7 thoughts on “Mining the Best Cycling Roads around Bucharest with Strava

  1. Salut Andrei 🙂

    Great job with this! This is by far the most useful analysis of cycle traffic in Bucharest I’ve seen in a while. City planners might get very good pointers from this, combined with the classic Strava maps aggregating the number of trips on each road.

    A couple more things to take into consideration:

    – some roads are prefered by experienced cyclists or commuters while others are prefered by occasional cyclists; this does not necesarily mean that the former are of better quality: take Calea Victoriei and Lascar+Magheru+Balcescu for example, both rutes of about 2 km link Piata Victoriei to Universitate, they both have red and green traffic on your map and both have a bottoleneck in the middle (Piata Revolutiei and Piata Romana respectively), however in practice Calea Victoriei is a lot slower (30% slower in my field measurements – 35 mins on Calea Victoriei abiding by all traffic lights, compared to 25 mins on Lascar+Magheru+Balcescu, both directions alike).

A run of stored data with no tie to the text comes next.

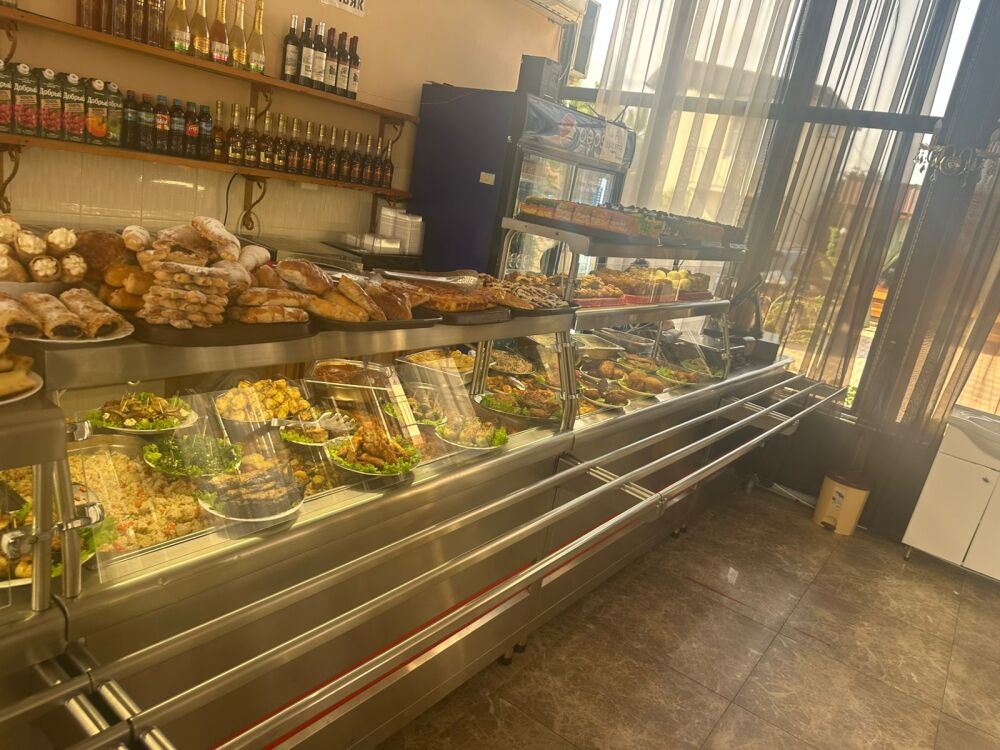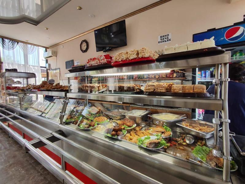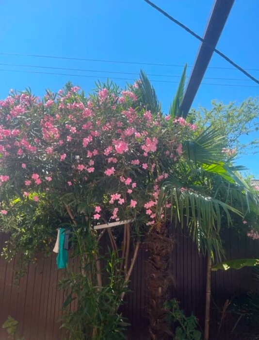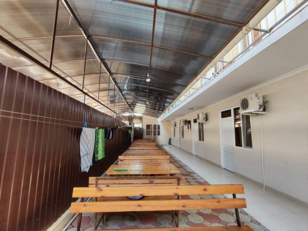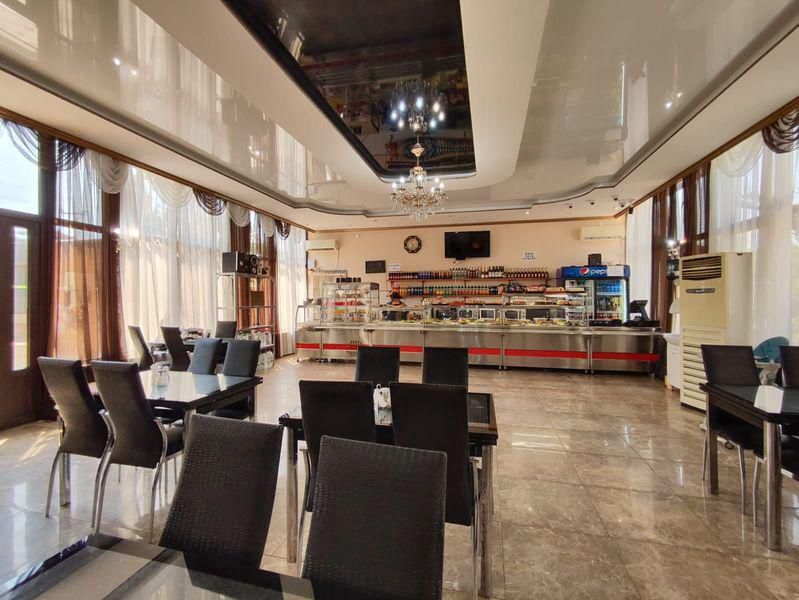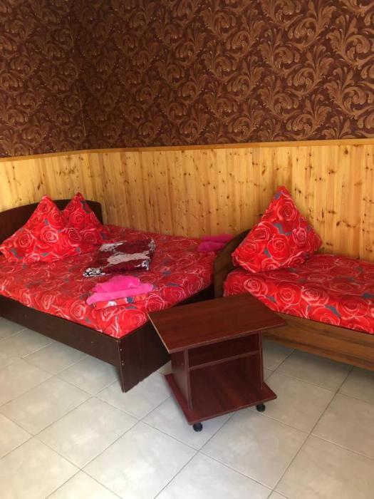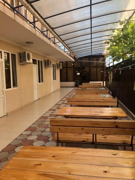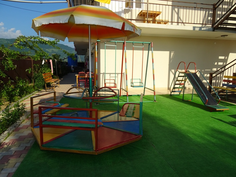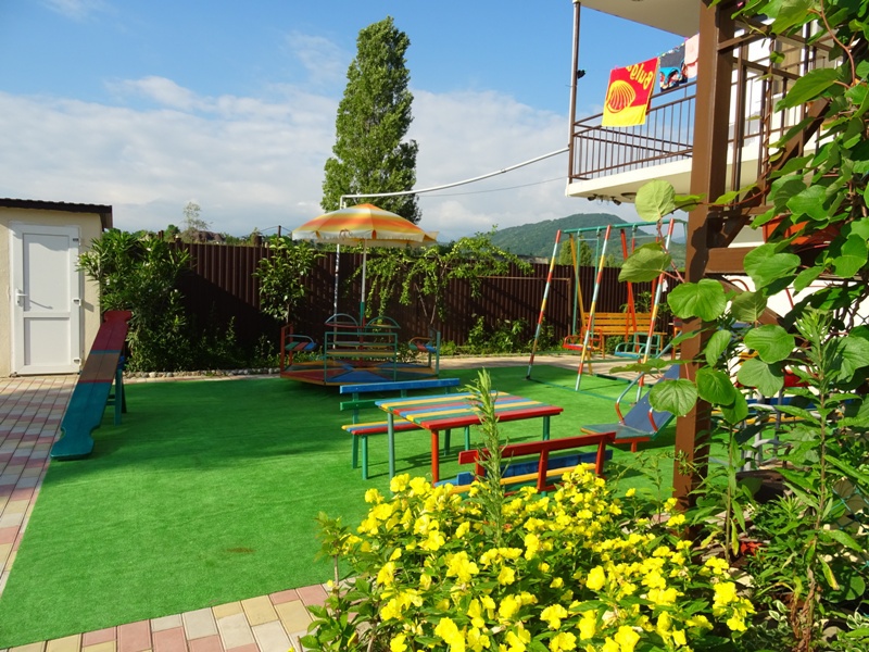Территория дома очень просторная, имеется бассейн, двор выложен тротуарной плиткой, в клумбах высажены экзотические цветы, имеется большой мангал, на котором готовятся вкусные шашлыки для гостей. Также на территории гостевого дома работает своя столовая, есть бесплатный Wi-Fi, детская площадка, охраняемая парковка.
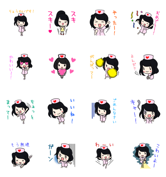 ナース。女性看護師。かわいい看護師が癒してくれます。日常会話で使えますよ。ナースのなっちゃん。
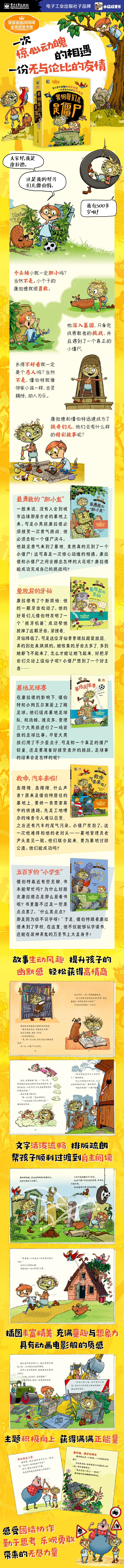 本书是一套儿童文学书籍。讲述了小男孩康拉德和他的僵尸好朋友的故事。个子高大就一定勇敢吗?长得不好看就一定是个恶人吗?当然不是。小个子的康拉德就很勇敢,而他在机缘巧合下结识的朋友,生活在墓地的小僵尸——僵伯特则是个善良、有趣、好学的好伙伴。僵伯特就像一个邻家的小孩一样,他精灵古怪、善解人意、助人为乐,不仅不会让人害怕,反而会让人喜欢上他。小小僵尸渴望朋友,爱搞恶作剧,但是在紧要关头又会挺身而出,伸张正义。他热爱足球,学习读书,保护环境,康拉德和他的朋友一起,经历了许多有趣的事情。
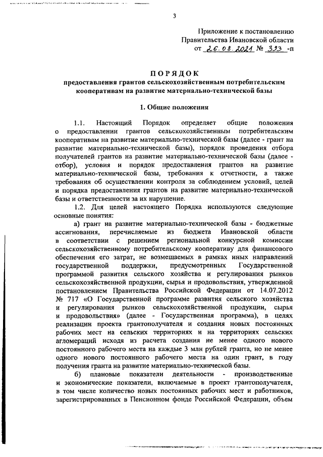 Постановление Правительства Ивановской области от 26.08.2021 N 393-п "Об утверждении Порядка предоставления грантов сельскохозяйственным потребительским кооперативам на развитие материально-технической базы"
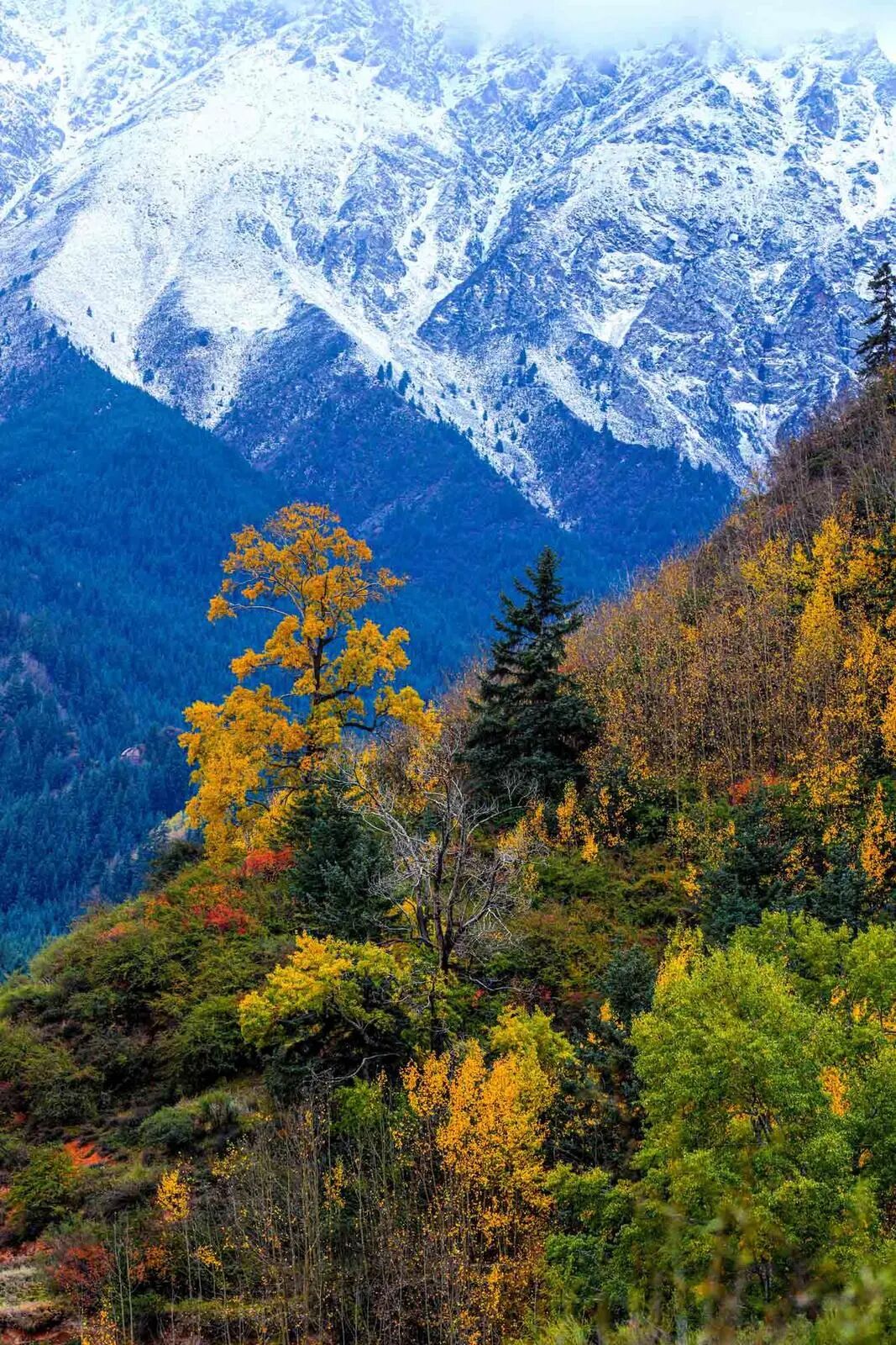 10月11日,一场小雪过后,祁连山国家公园张掖市肃南裕固族自治县马蹄乡段山顶白雪皑皑,山间云雾缭绕,树木层林尽染,形成色彩斑斓的深秋美景。
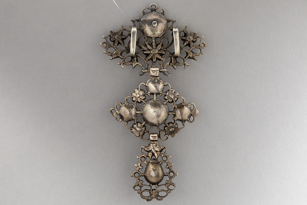 antique, presumably Flemish, pendant in silver and gold with rose cut diamonds
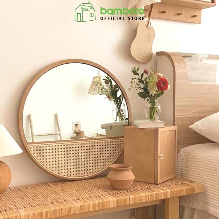 Gương vintage BAMBOOO ECO cao cấp phong cách Nhật Bản gỗ tần bì kết hợp sợi mây đan mắt cáo tự nhiên
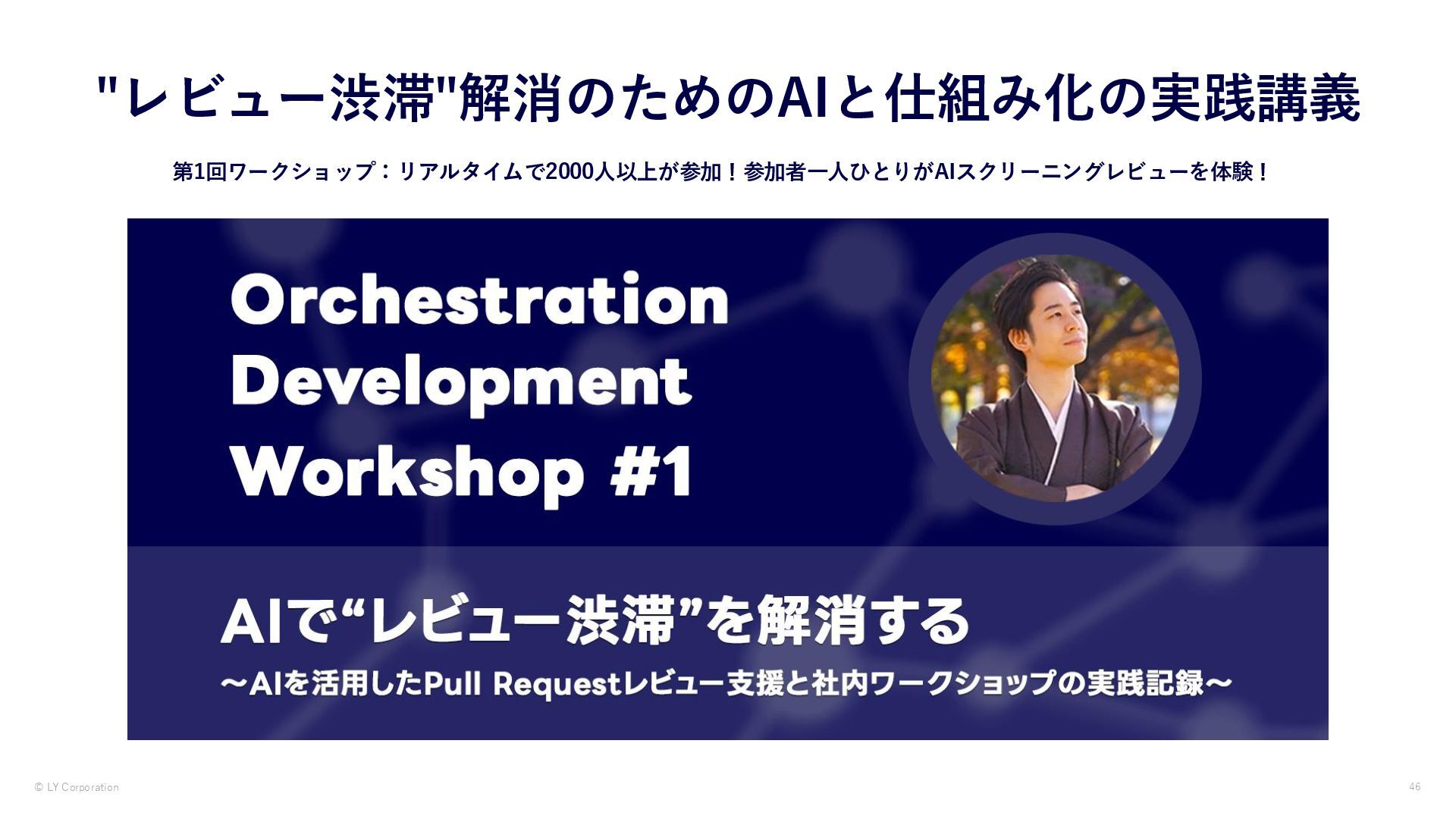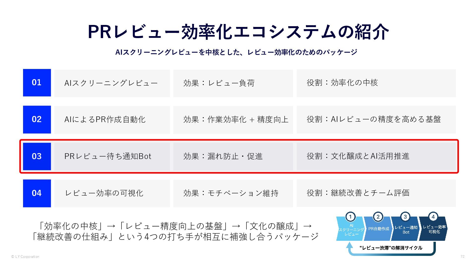 46. © LY Corporation AIスクリーニングレビュー 72 PRレビュー効率化エコシステムの紹介 役割:効率化の中核 効果:レビュー負荷 02 01
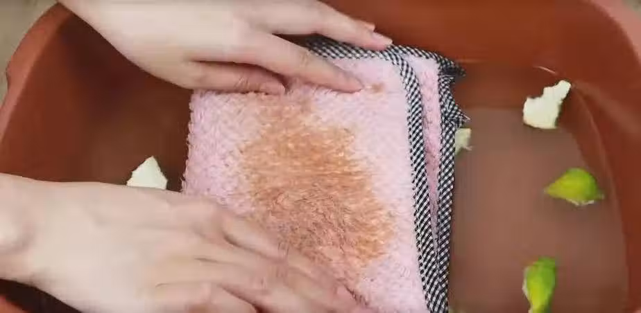 大家然後把發黃的毛巾裝進去泡浸,使它泡個10分鐘,到時間以後我們就可以拿手用勁揉搓這一毛巾,以前發黃變黑的毛巾在搓洗後也變得干凈整潔了,一點也看不出來發黃的模樣,所以這些污垢早已被泡出來。
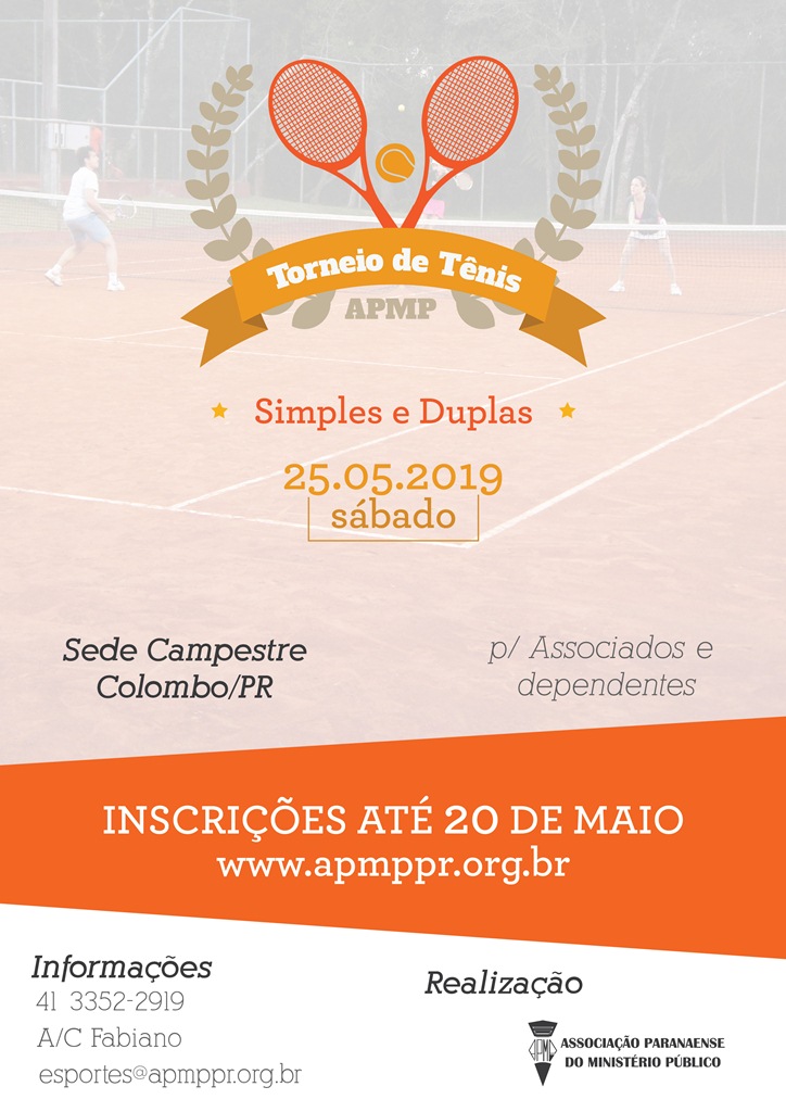 A Associação promoverá mais uma edição do Torneio de Tênis APMP. A competição ocorrerá no dia 25 de maio de 2019, com início às 9h, na chácara da APMP, em Colombo, localizada na Rua Presidente Faria, n°4701.
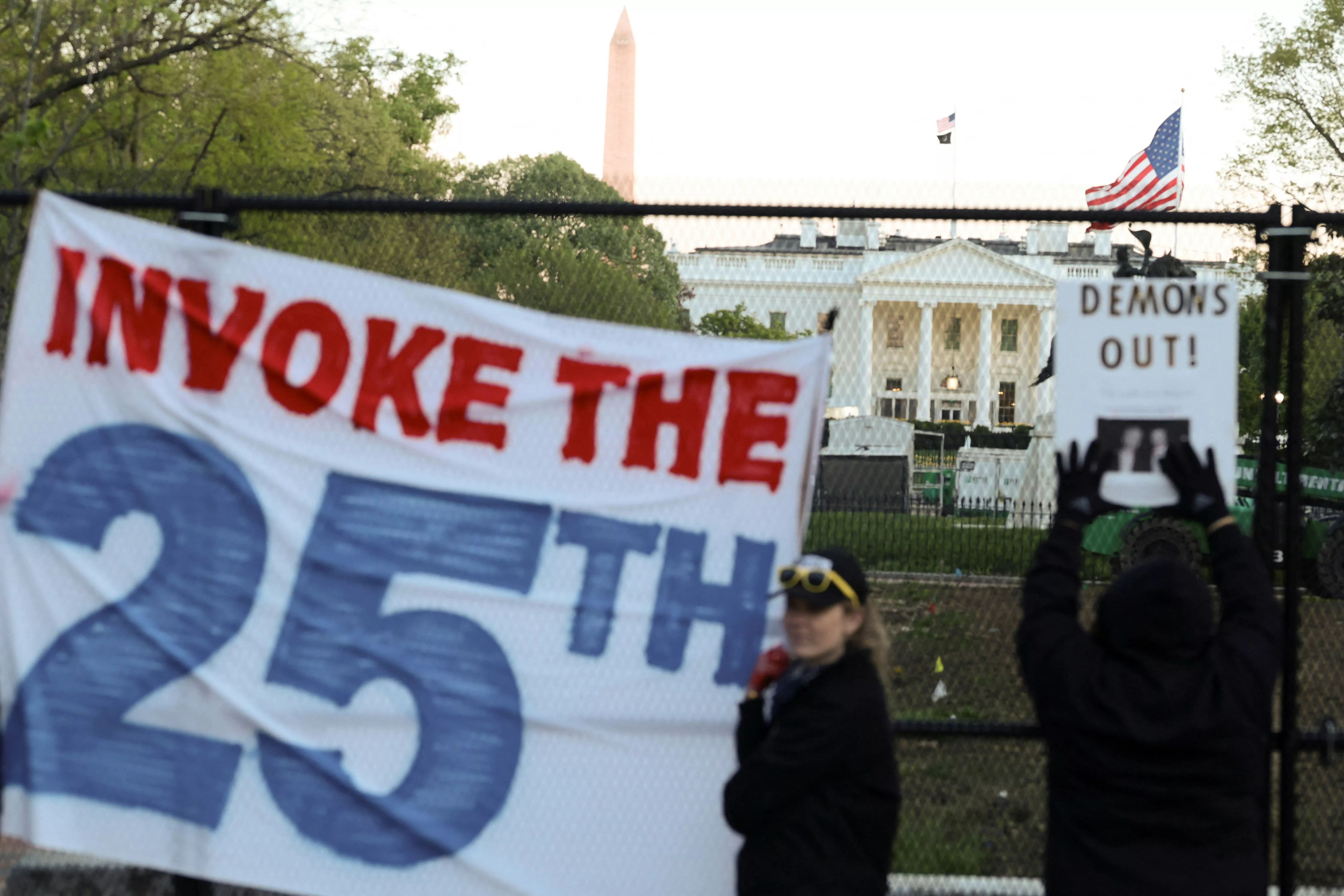 4月7日,白宫外有示威者要求内阁官员启动宪法第25修正案程序将川普免职。(Reuters)
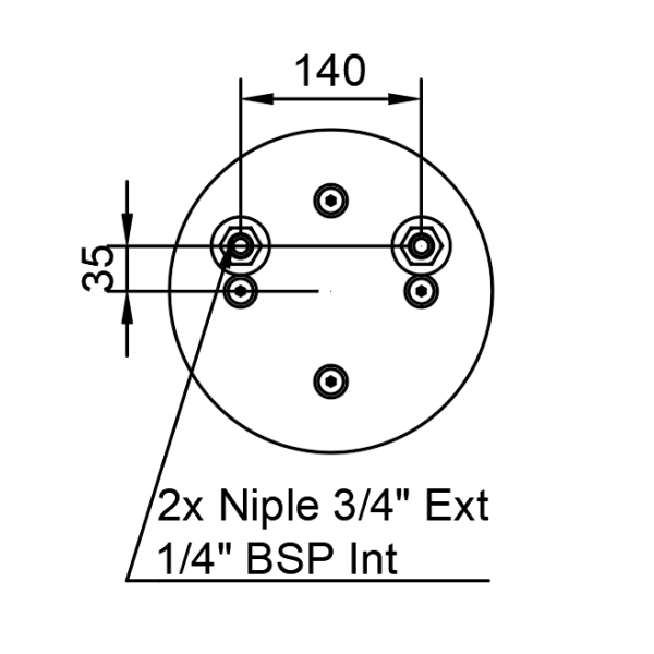 2x Niple 3/4" a 140mm desplazados 35mm

    – while this data might have some genuine meaning regarding road surface quality and crossing times, you have to also consider the safety factor: some green routes are horribly dangerous for cyclists (and some even for pedestrians – take Soseaua Bucuresti-Ploiesti at Miorita, very fast (80 km/h) and highly accident-proned at the Miorita crossing and the subsequent stretch of road all the way up to the Herastrau Bridge); in this light, what might be considered fast/confortable for fast cyclists might not be fast/confortable or even acceptable for slow cyclists.

    Also surprising is the amount of red traffic on your map on Bulevardul Unirii, especially between Unirii Square and Piata Constitutiei. But you might find an explanation in the fact that experienced cyclists take the road while many many beginners and families with children living in the area ride on the (crappy) sidewalks.

    • Salut Tiberiu,

      I think you’re right distinguishing between experienced cyclists and occasional ones. I would go further and split experienced cyclists into commuters and road cyclists. For example, when I’m commuting there’s a lot of traffic around (rush hour) and I go slow, both to be cautious and to not sweat a lot in work clothes. When I’m road cycling, it’s past rush hour and I’m usually in a group, so we tend to occupy one lane and go pretty fast (~40 kmph). By the way I’ve filtered the data, I tried to build that map to show how fast you will be allowed to go if you’re road cycling. Therefore I don’t think it’s correct to use it to analyze bike traffic in general. But the data I crawled from Strava could be used to analyze bike traffic. Let me know if you want to explore some ideas.

      Cheers!

    • Salut Bogdan,

      Tricky. In Python nu poti, din cate stiu, sa incarci GMaps. Cea mai simpla varianta la care m-am gandit a fost sa export imaginea ca png tranparent si s-o suprapun in Photoshop peste un screenshot cu o harta. Variante mai avansate ar implica un API in Python si un client in JS.

      • You can use Google Maps API, although I suspect the volume of data would require some form of a premium account for input alone, let alone viewing / public access.